I feel SO inadequate now that I have a bunch of ONLY *4-way* screwdrivers ... :

It's cheaper to buy a $5 one at Home Depot when I'm there then spend the time to try and remember where I left my other ones  Of course, as soon as I get home after that I find at least 2 of them ???


----------



## tel (Oct 29, 2008)

Of course Mike, buying a replacement is the officially accepted, and scientifically proven method of locating lost items, although sometimes you have to buy _two _ replacements before the original item and the first replacement come to light.


----------



## Tin Falcon (Oct 29, 2008)

Tel so true 
Mike if it makes you feel better 
4 way screw drivers are actually 5 way.
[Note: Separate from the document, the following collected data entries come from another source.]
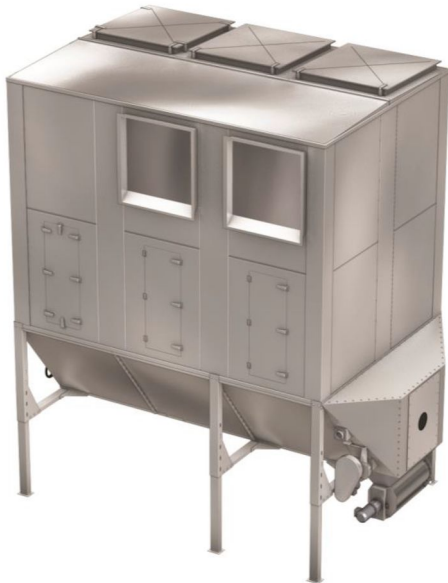
Example: NFKZ3000 2+1 HJ filter with side and top venting for St2 dust

Baghouse dust collector suitable for handling large volumes of air with heavy material contamination levels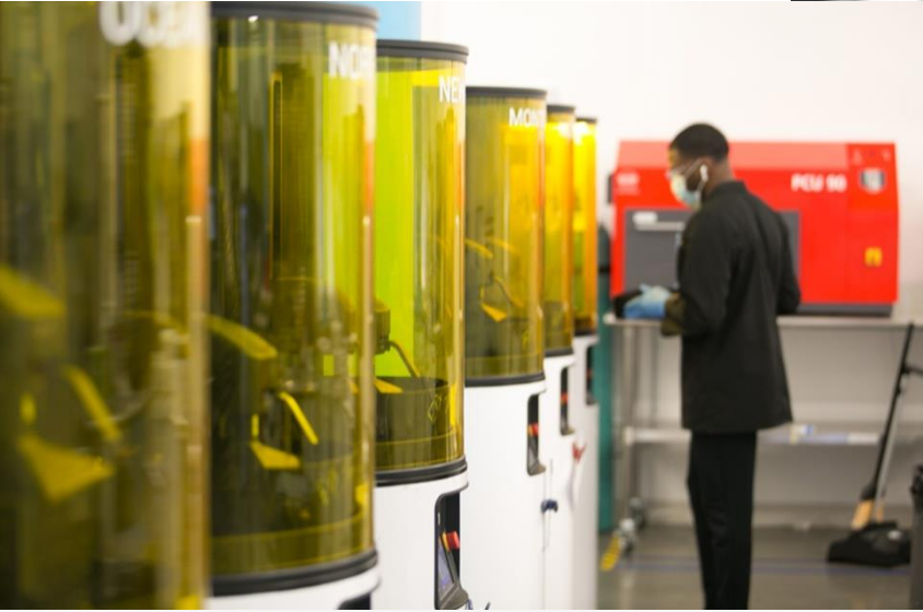
Carbon DLS Factory Chicago, IL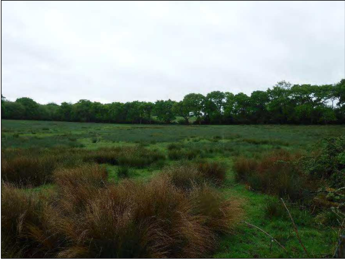
Plate 5. Area 3, facing south towards Coed Quinnet woods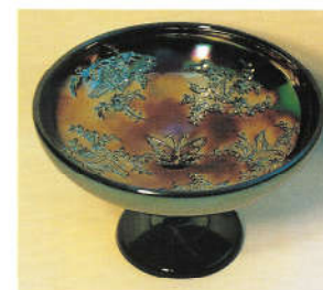
8. PLAIN / BUTTERFLY BUSH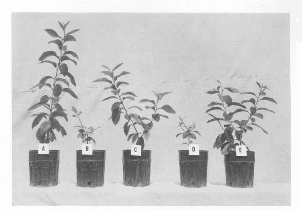
Fig. 3. Reaction of lemon seedlings to the two virus strains obtained from shoot B of infected, heat-treated lime seedling: A) self-grafted, noninoculated lemon seedling; B) and C) lemon plants inoculated, respectively, from plants Å and B (shown in fig. 1); D) and E) lemon plants inoculated from the same respective sources two months later.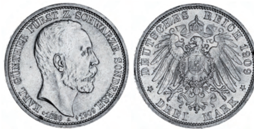
2263* Germany, Schwarzburg-Sonderhausen, Karl Gunther, silver three mark, 1909A (KM.154; J.170). Nearly uncirculated.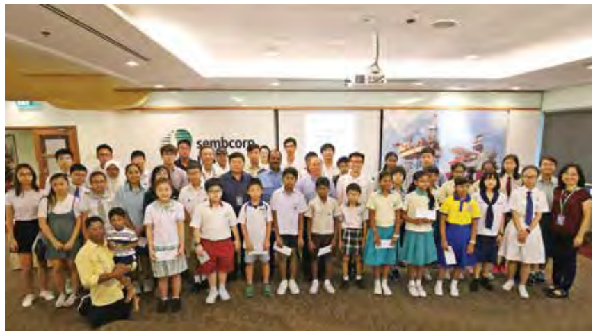
Award of bursaries to support employees' children in their education

Sembcorp Marine's School Book Assistance Grant (SchoolBAG) programme is a core part of the Group's corporate social responsibility efforts. Now in its 18 th year, the initiative is designed to support children from lower income families in their educational pursuits. In 2018, grants totalling $203,800 were awarded to 1,002 primary, secondary and junior college students from 84 schools. This brings the annual programme's cumulative contributions to more than $4.2 million since its inception in 2001.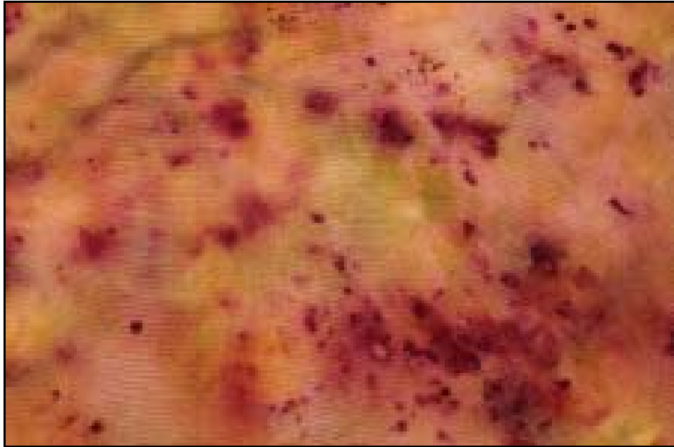
Figure 7. Silk habutai contact dyed cochineal, parsley, catsup, cloves, and marigolds.

Figure 7 shows a piece that combines Iowa grown and exotic dyes: cochineal beetles, parsley, catsup, cloves, and marigolds and was oven dyed. I used a contact dye method, but placed it in a hot oven as a heat source.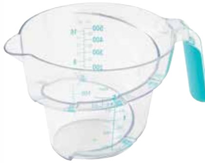
2 Cup Swirl Measuring Cup 73833

1 Cup Capacity Label, 6 per case 0-30734-73834-4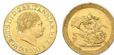
523 Sovereign, 1820, open 2 (M 4; S 3785C). Scuffs on face, other surface and edge marks, otherwise nearly extremely fine £500-600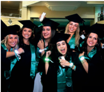
Commencement Ceremony Munich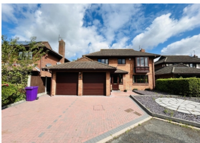
15 Midhurst Grove, Tettenhall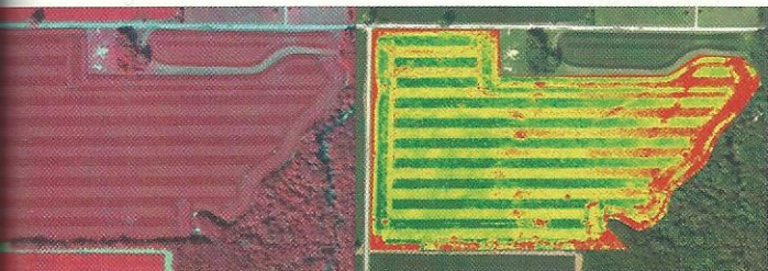
These paired images are from a field that was planted in 2013 with two hybrids in a split planter. The image on the right is the NDVI, while the left is the NIR image.

It is important to note that aerial imagery does not eliminate the need for scouting. Indiana OFN uses imagery to look for systematic issues that are impacting the field's ability to produce high yields. Many of the issues that we see are addressed with management or equipment modifications that can have lasting impact.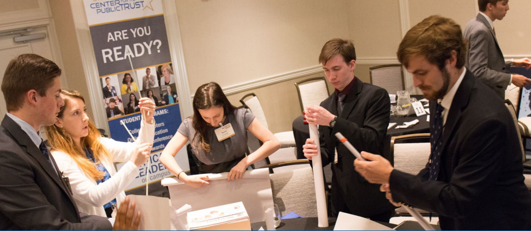
Students working at the SLC.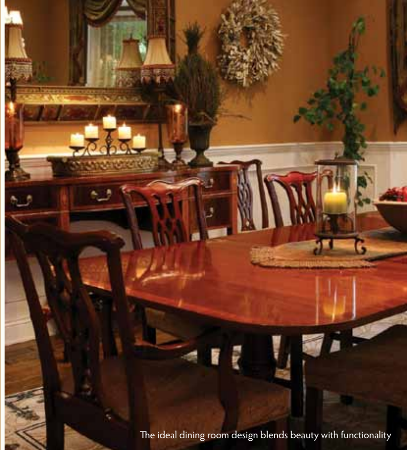
The ideal dining room design blends beauty with functionality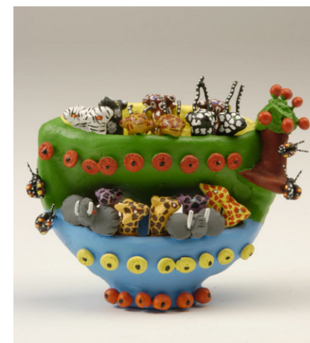
'NOAH'S ARK', CONCEPTION AGUILAR

– with activities being held daily at the museum. The programme will include storytelling, mask making, a group project for all visitors to take part in, museum trail, exhibition trail and activity sheets. Come and let your imagination run wild!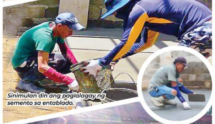
Sinimulan din ang paglalagay ng semento sa entablado.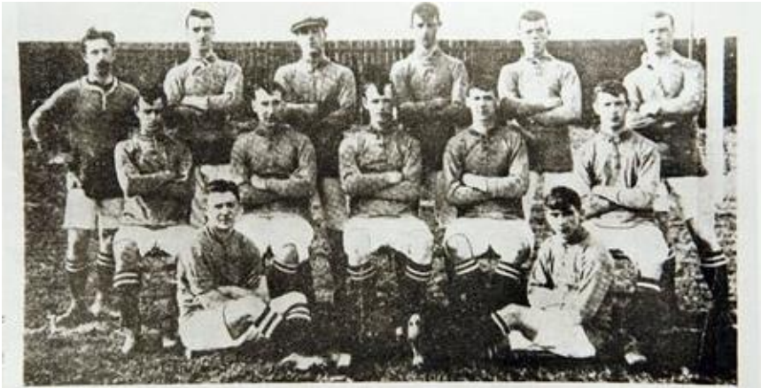
"Cardiff City's First Professional Players."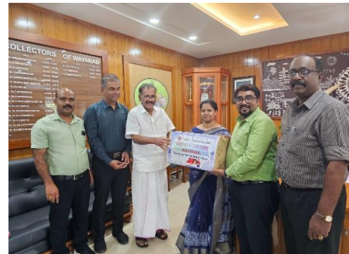
YMCA Ernakulam: Delivered Essential Medicines To Collector And Hon'ble Wild Life Minister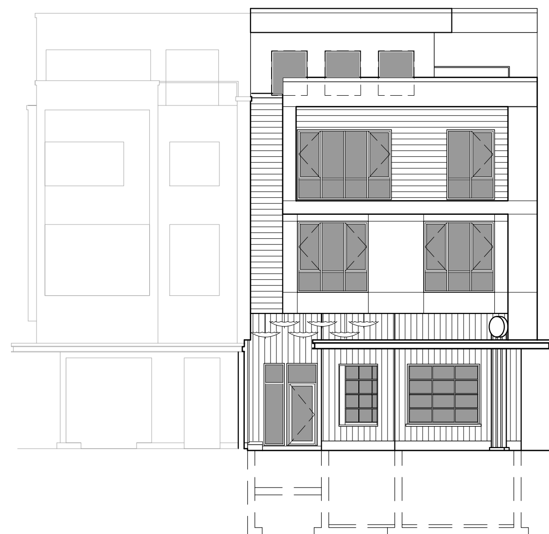
1 FRONT ELEVATION SCALE: 3/32"=1'-0"

598 5/8" T/O SECOND FLOOR 563 7/8" U/S SECOND FLOOR 454 3/4" T/O THIRD FLOOR 438" U/S THIRD FLOOR 328 7/8" T/O SECOND FLOOR 312 1/8" U/S SECOND FLOOR 203" T/O SECOND FLOOR 186 1/4" U/S SECOND FLOOR 98" T/O MEZZ FLOOR 87 3/4" U/S MEZZ FLOOR 0" (65.513) T/O GROUND FLOOR (65.325) AVERAGE GRADE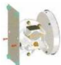
Gauge (Surface Mounting)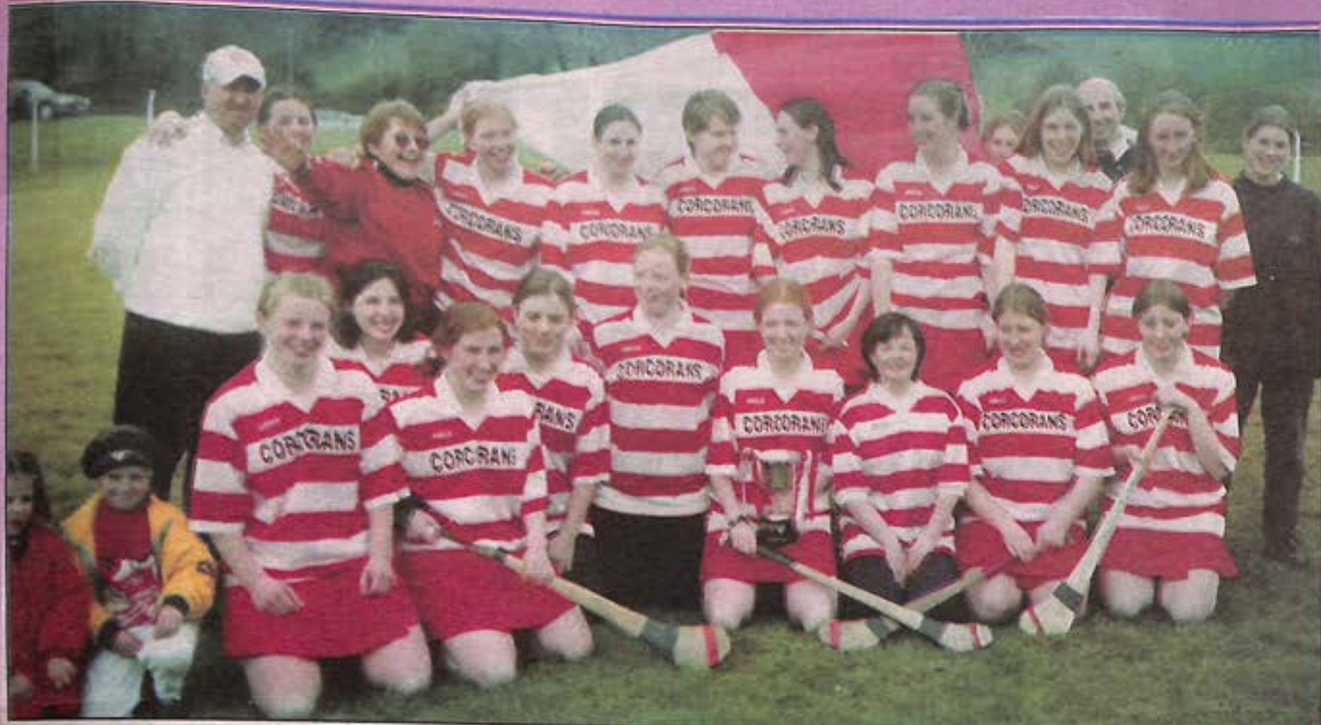
The Courcsey Rovers camogie team who capped a season to remember with victory in the U-18 county championship final recently.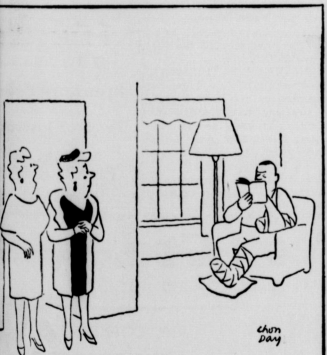
"OH, HE WAS DRIVING A VERY SMALL CAR AND HE HIT A VERY BIG PEDESTRIAN."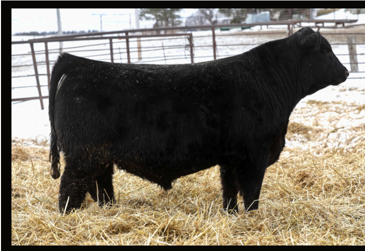
LOT 46: DIGNITY 532 77L ET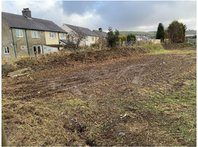
Gardd Gymunedol / Community Garden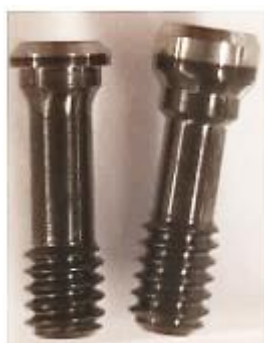
Figure 1: Incorrect screw (left, article 37893: Screw Multi-unit Abut Angled CC RP/WP) versus correct screw (right, article 37892: Clinical Screw CC RP/WP)

Packages of above mentioned abutment lots may contain an incorrect screw. The figure below shows an example of a correct and incorrect screw.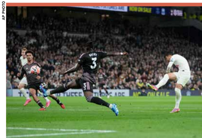
Tottenham's Son Heung-min (right) scores his side's opening goal

Both of Tottenham's goals came from the same source — Fulham defender Calvin Bassey giving away possession when passing out from the back under pressure — and Son had a key role in each of them.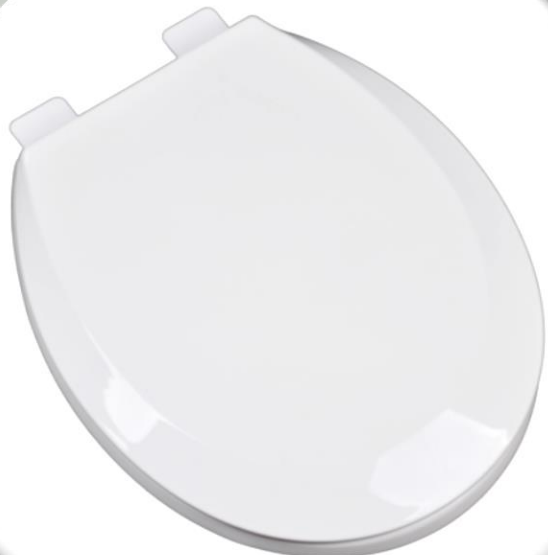
PLUMBTECH Model 230-00. Round Front Plastic Suggested List: $85.00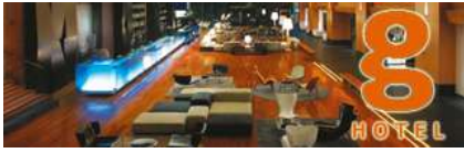
Tree Bar 2016

Hmm
Think about it. 
Tin


----------



## baldrocker (Oct 29, 2008)

BIG or SMALLER Or MORE is better that's how I wound up with
3 lathes, one of which I've put on Ebay. (Advance) 
Guess what? WRONG phone # on the ad, no wonder
theres been no enquires :wall:

Hey Tel
Can I claim 1/4 of that mill?


----------



## seagar (Oct 29, 2008)

i SUFFER BADLY FROM THE MAY NEED IT SOME DAY SYNDROME.DON'T WE ALL?

IAN.


----------